◆ Requirement ◆
Only an exact copy belongs in the answer: the line with "There are six" and every line after it through the end of the records, pictures left out.
· · · ·
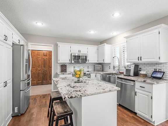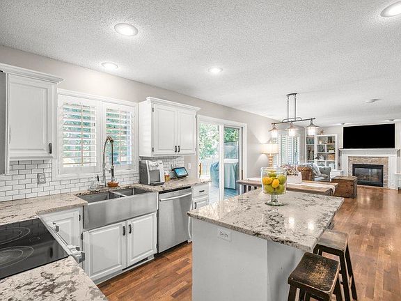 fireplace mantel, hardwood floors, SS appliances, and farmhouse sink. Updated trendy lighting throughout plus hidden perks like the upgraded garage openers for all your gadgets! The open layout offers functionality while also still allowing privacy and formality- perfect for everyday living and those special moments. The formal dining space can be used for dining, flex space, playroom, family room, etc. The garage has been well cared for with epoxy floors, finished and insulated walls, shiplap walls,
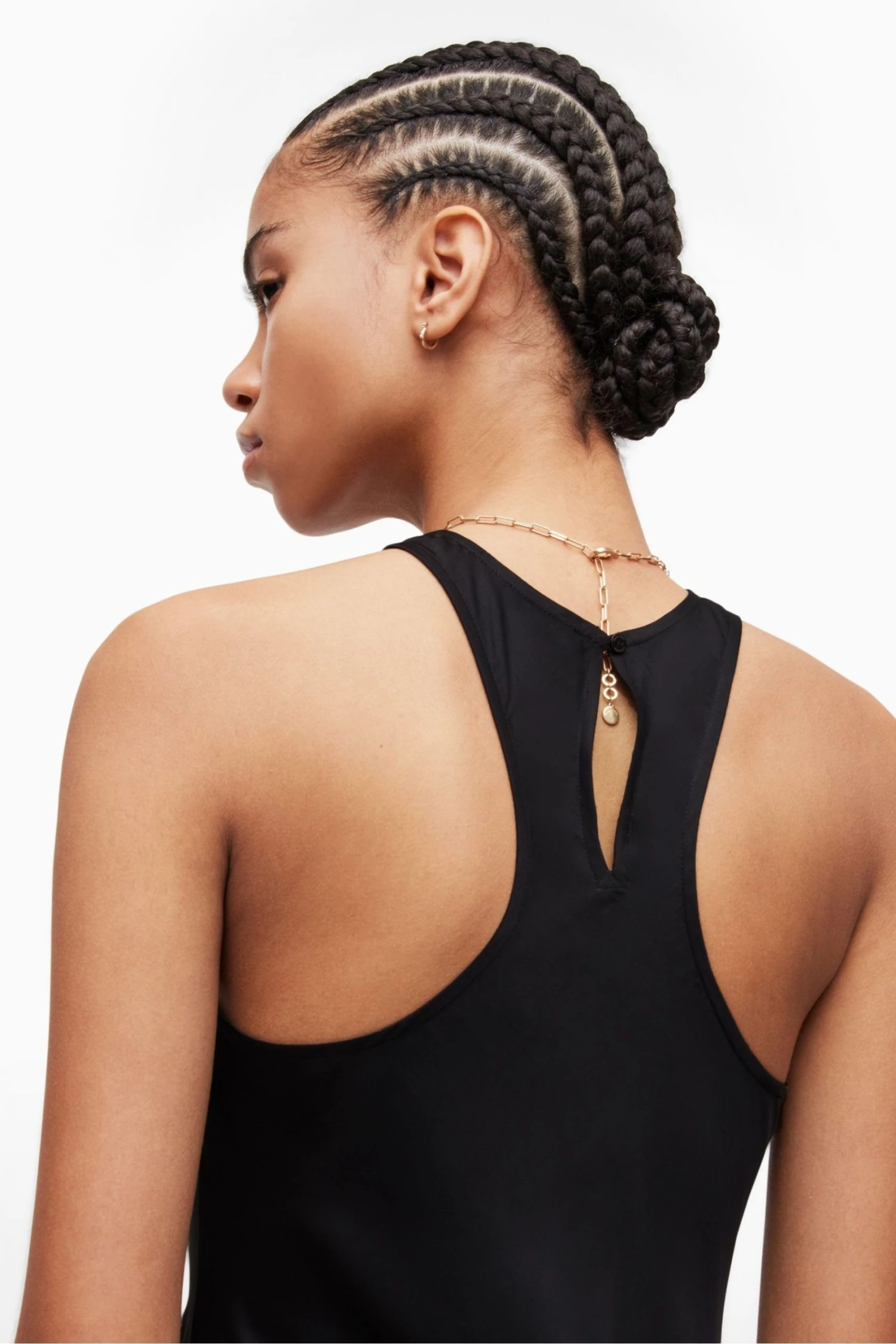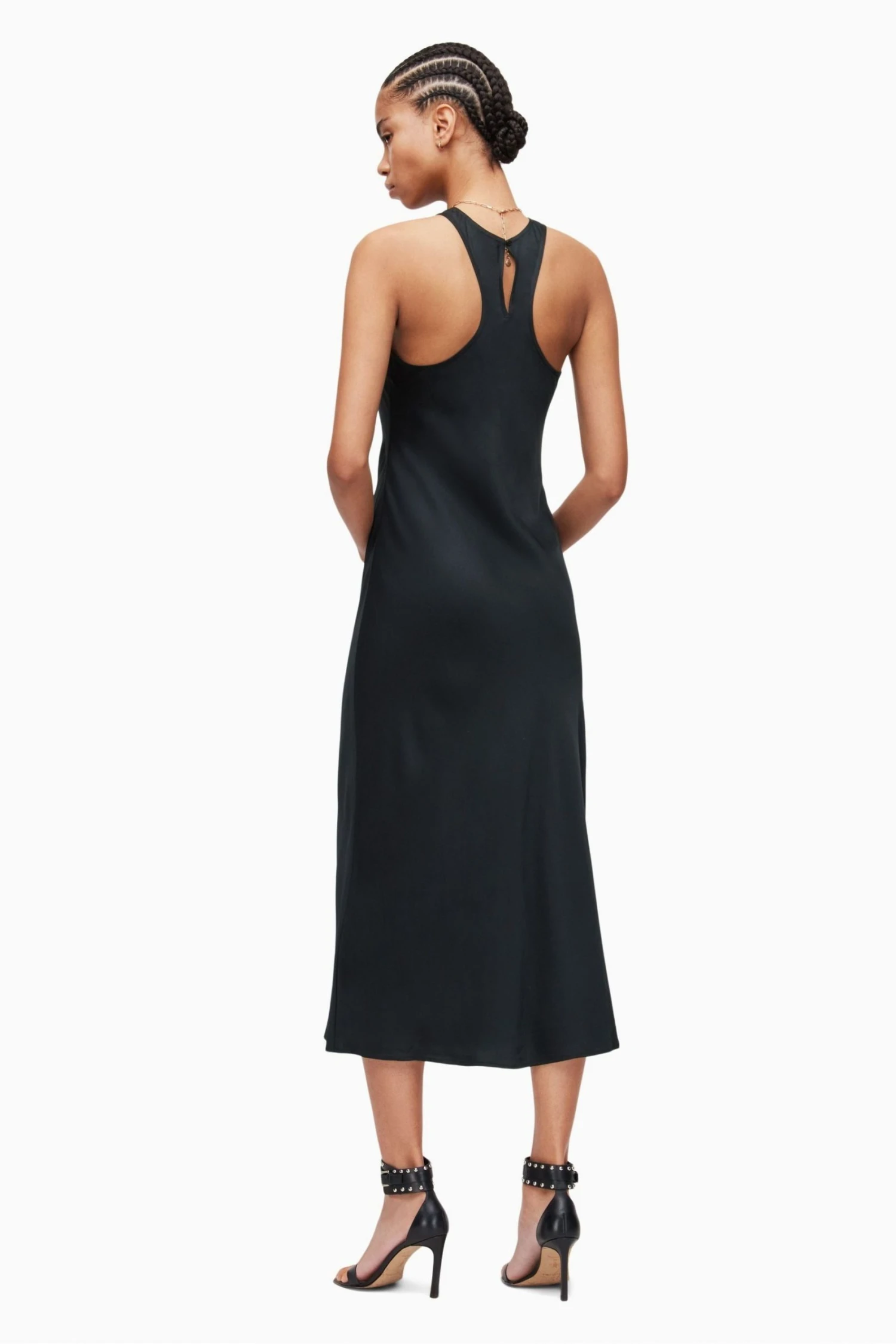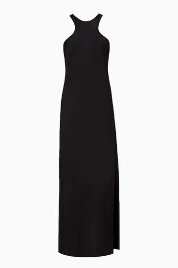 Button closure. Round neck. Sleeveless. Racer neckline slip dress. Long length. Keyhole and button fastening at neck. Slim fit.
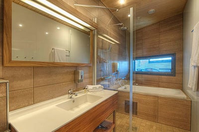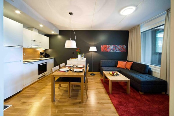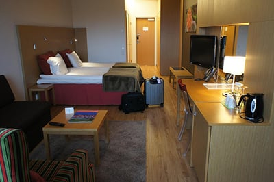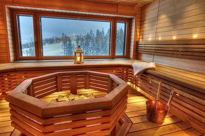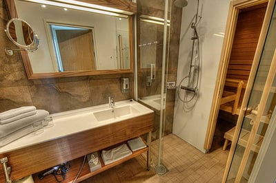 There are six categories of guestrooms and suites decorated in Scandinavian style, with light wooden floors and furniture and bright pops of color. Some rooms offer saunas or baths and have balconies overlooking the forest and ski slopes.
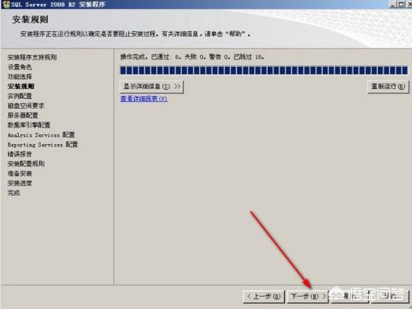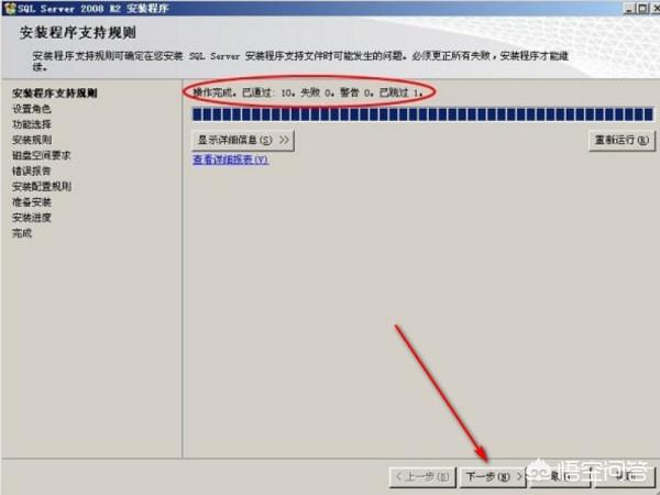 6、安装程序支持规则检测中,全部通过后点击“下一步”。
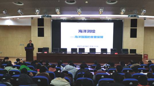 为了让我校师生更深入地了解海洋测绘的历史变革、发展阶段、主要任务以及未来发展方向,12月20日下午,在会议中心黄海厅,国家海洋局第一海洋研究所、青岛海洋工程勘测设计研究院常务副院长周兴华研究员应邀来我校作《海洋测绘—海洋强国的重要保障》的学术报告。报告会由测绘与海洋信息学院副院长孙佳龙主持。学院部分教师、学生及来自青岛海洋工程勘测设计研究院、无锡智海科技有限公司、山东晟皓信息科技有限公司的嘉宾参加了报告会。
· · · ·
◆ Output of the exercise ◆
 There are six categories of guestrooms and suites decorated in Scandinavian style, with light wooden floors and furniture and bright pops of color. Some rooms offer saunas or baths and have balconies overlooking the forest and ski slopes.
 6、安装程序支持规则检测中,全部通过后点击“下一步”。
 为了让我校师生更深入地了解海洋测绘的历史变革、发展阶段、主要任务以及未来发展方向,12月20日下午,在会议中心黄海厅,国家海洋局第一海洋研究所、青岛海洋工程勘测设计研究院常务副院长周兴华研究员应邀来我校作《海洋测绘—海洋强国的重要保障》的学术报告。报告会由测绘与海洋信息学院副院长孙佳龙主持。学院部分教师、学生及来自青岛海洋工程勘测设计研究院、无锡智海科技有限公司、山东晟皓信息科技有限公司的嘉宾参加了报告会。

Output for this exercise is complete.